As for me, my dreams are typically very vivid.  They can range from blissful to average to absolutely horrifying.  Last night’s dream (or something) was incredibly disorienting.  I remember waking up early in the morning, getting out of bed to pick up something that had fallen into the floor at some point in the night, and then going back to bed.  Then there was nothing.

It wasn’t so much a deep sleep as a total lack of existence.  When I woke up, or whatever it was that I did, I was incredibly disoriented.  I didn’t know where I was, what time it was, or anything remotely concrete.  My first lucid thought was that I’d slept through my shift.  Considering I work afternoons, that would be highly unlikely.  For a minute there, I truly had only a vague idea of my self and absolutely no idea at all of my surroundings.  Everything was unfamiliar.  Yes, I know that all comes with the multiplicity bit, but this is the first time I’ve ever been aware of being, well, unaware.  That was not a comfortable feeling.

Things have settled back to average now, and I’m thankful for that.  Being disoriented to my own life was a bit on the strange side.


One thought on “Dream States

  1. I get that sometimes. I assume it’s because I’ve awoken from the wrong part of a sleep cycle. Sometimes I don’t really believe what time it is until I start my shift at work. I need that geographic distance before I can reset myself. It’s like the whole world is just pretending that I’m awake or just pretending to be real or something until that happens. (I think half of it is that I want to convince myself that I should go back to bed.)

    It usually follows, incidentally, believable and quotidian dreams. Once I dreamt that I went to bed and put something on the table next to my bed. When I woke up the next morning, it took hours to shake the feeling that that object ought to have been there.

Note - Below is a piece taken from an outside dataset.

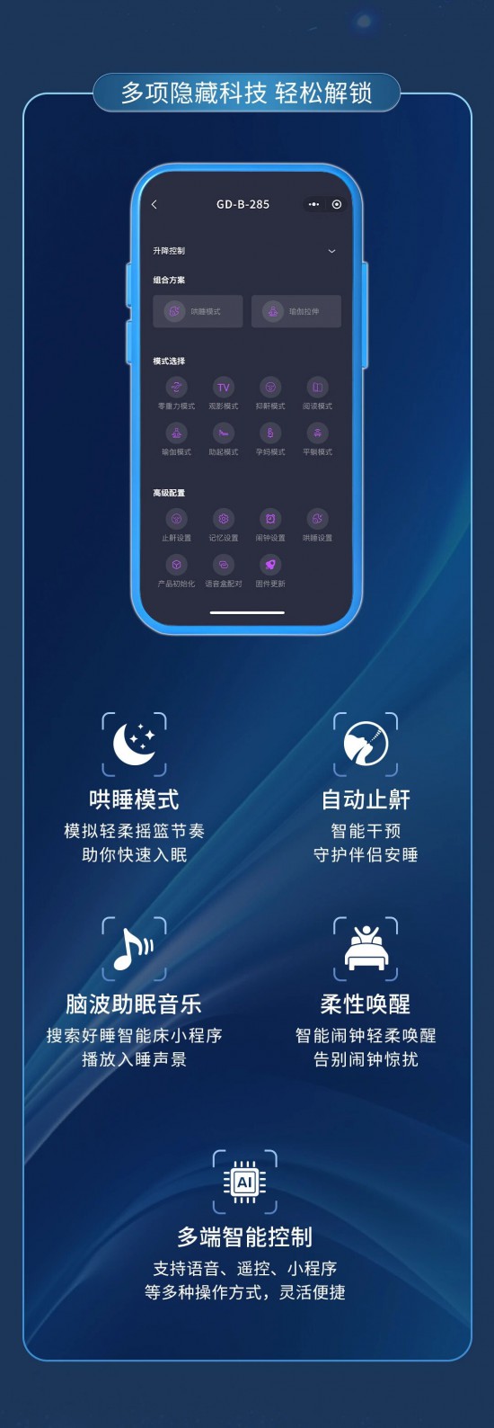 核心提示:智能聲控多維場景,優雅啟航,搭配電動智能床架一語智控,優雅變奏無需手動,無需起身。

    My point is, it’s a normal but disconcerting phenomenon. I think, personally, stress triggers it. At least, I’ve been getting it increasingly the last few months and I’m increasingly stressed for the same period.

    And I’ve known lots of folks who can’t remember their dreams. (The only mammals that don’t dream are tree anteaters, incidentally. Unless your father had severe sleeping abnormalities, he dreamt.) I’ve tried convincing them that they dream and just don’t remember it, but they never believe me. I have given up since.